Starting with the line that holds "入境處提到,行動中所檢獲的全", repeat each line through the last one below, exactly. Pictures stay out.
[[ Data for analysis open ]]
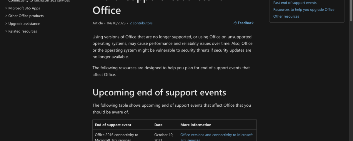 This website provides a list of key resources for Office 2013 and other versions that will also be reaching the end of support in 2023 and 2024.
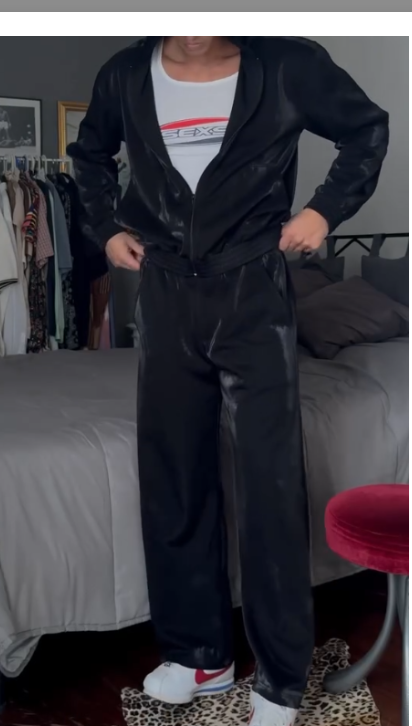 This men’s 2-piece black fashion sports suit features a hooded jacket and coordinating pants crafted for both style and comfort. Made from high-quality, breathable fabric, the suit ensures moisture-wicking and durability suitable for active lifestyles. The hooded jacket includes adjustable drawstrings and a front zipper closure, providing customizable fit and easy wear. The matching pants offer an elastic waistband with a drawcord for secure fit and mobility. Ideal for sports, casual outings, or leisure activities, this set combines functional design with contemporary fashion aesthetics.
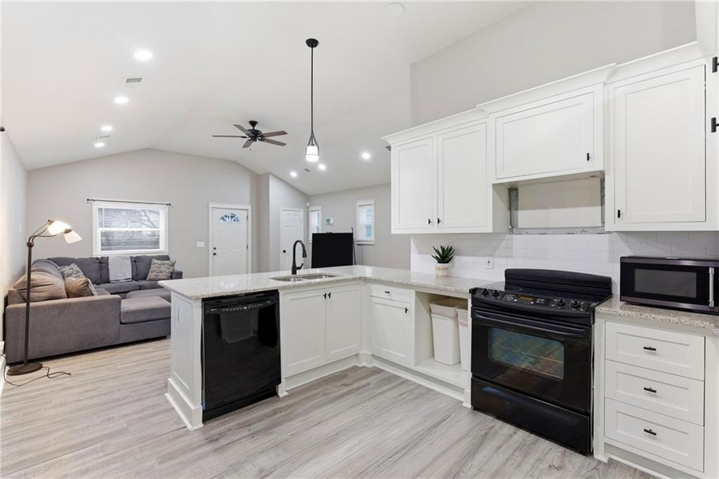 This adorable bungalow lives far larger than its footprint thanks to an open, well-designed floor plan. Step inside to soaring ceilings and a spacious living area that flows seamlessly into the dining and kitchen spaces. Durable LVP flooring runs throughout the main living areas and bathrooms, with cozy carpet in the bedrooms. The custom kitchen features beautiful countertops, abundant cabinetry, and newer appliances. Completely updated from top to bottom, this move-in-ready gem is a must-see—perfect for an owner-occupant or as a turnkey investment opportunity. Don't miss this one, tour it today!
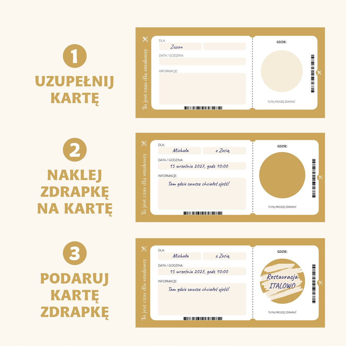 • Niespodzianka ukryta pod zdrapką – miejsce, do którego zostanie zaproszona obdarowana osoba, pozostaje tajemnicą aż do momentu zdrapania pola!
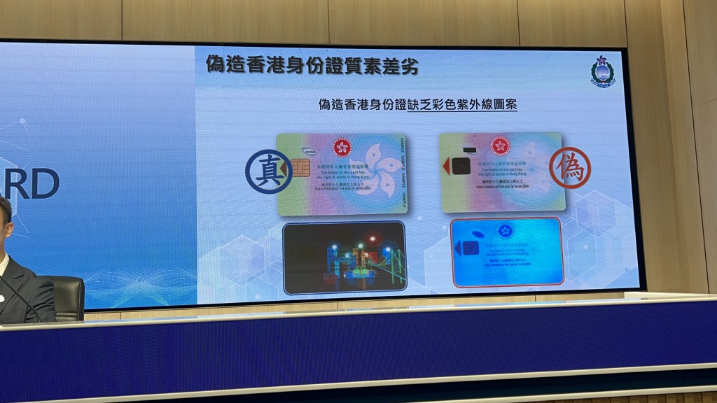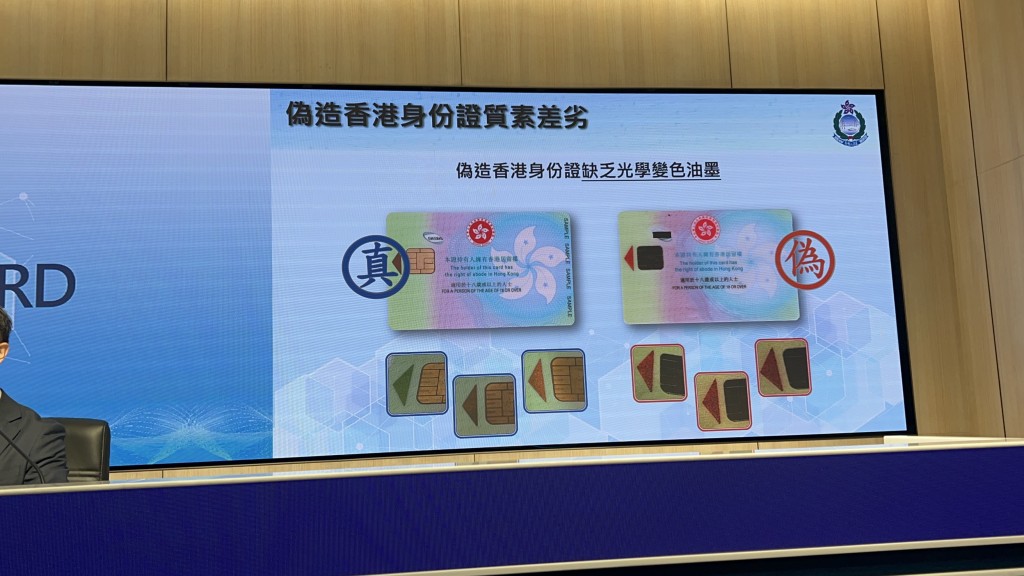 入境處提到,行動中所檢獲的全部假身份證質(zhì)素差劣,欠缺防僞特徵,與真正的香港身份證比較,不難分辨。例如真正身份證相片側(cè)邊,會有三朵紫荊花全息圖像,假證則沒有;真正身份證背面在紫外線照射下,會顯示彩色維港及青馬大橋煙花圖,假證亦沒有;真正身份證背面有一個光學(xué)變色油墨印刷而成的三角形圖案,可以隨觀察角度轉(zhuǎn)變,由紅色變成綠色,假證同樣沒有。
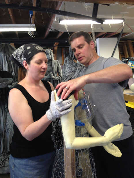 Con la altura de la cabeza de peluca medimos y cortar las piezas del marco de madera para crear proporciones corporales precisos. (Medición exacta proporciones humanas es algo que comenzó hace varios años atrás y hace una gran diferencia en el acabado prop.)
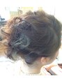 肩に少しかかるかどうかぐらいの長さでしたがカールを作って少し編みこみも入れて柔らかアップにしました
[[ Data for analysis closed ]]
> **Solution for this task**:
 入境處提到,行動中所檢獲的全部假身份證質(zhì)素差劣,欠缺防僞特徵,與真正的香港身份證比較,不難分辨。例如真正身份證相片側(cè)邊,會有三朵紫荊花全息圖像,假證則沒有;真正身份證背面在紫外線照射下,會顯示彩色維港及青馬大橋煙花圖,假證亦沒有;真正身份證背面有一個光學(xué)變色油墨印刷而成的三角形圖案,可以隨觀察角度轉(zhuǎn)變,由紅色變成綠色,假證同樣沒有。
 Con la altura de la cabeza de peluca medimos y cortar las piezas del marco de madera para crear proporciones corporales precisos. (Medición exacta proporciones humanas es algo que comenzó hace varios años atrás y hace una gran diferencia en el acabado prop.)
 肩に少しかかるかどうかぐらいの長さでしたがカールを作って少し編みこみも入れて柔らかアップにしました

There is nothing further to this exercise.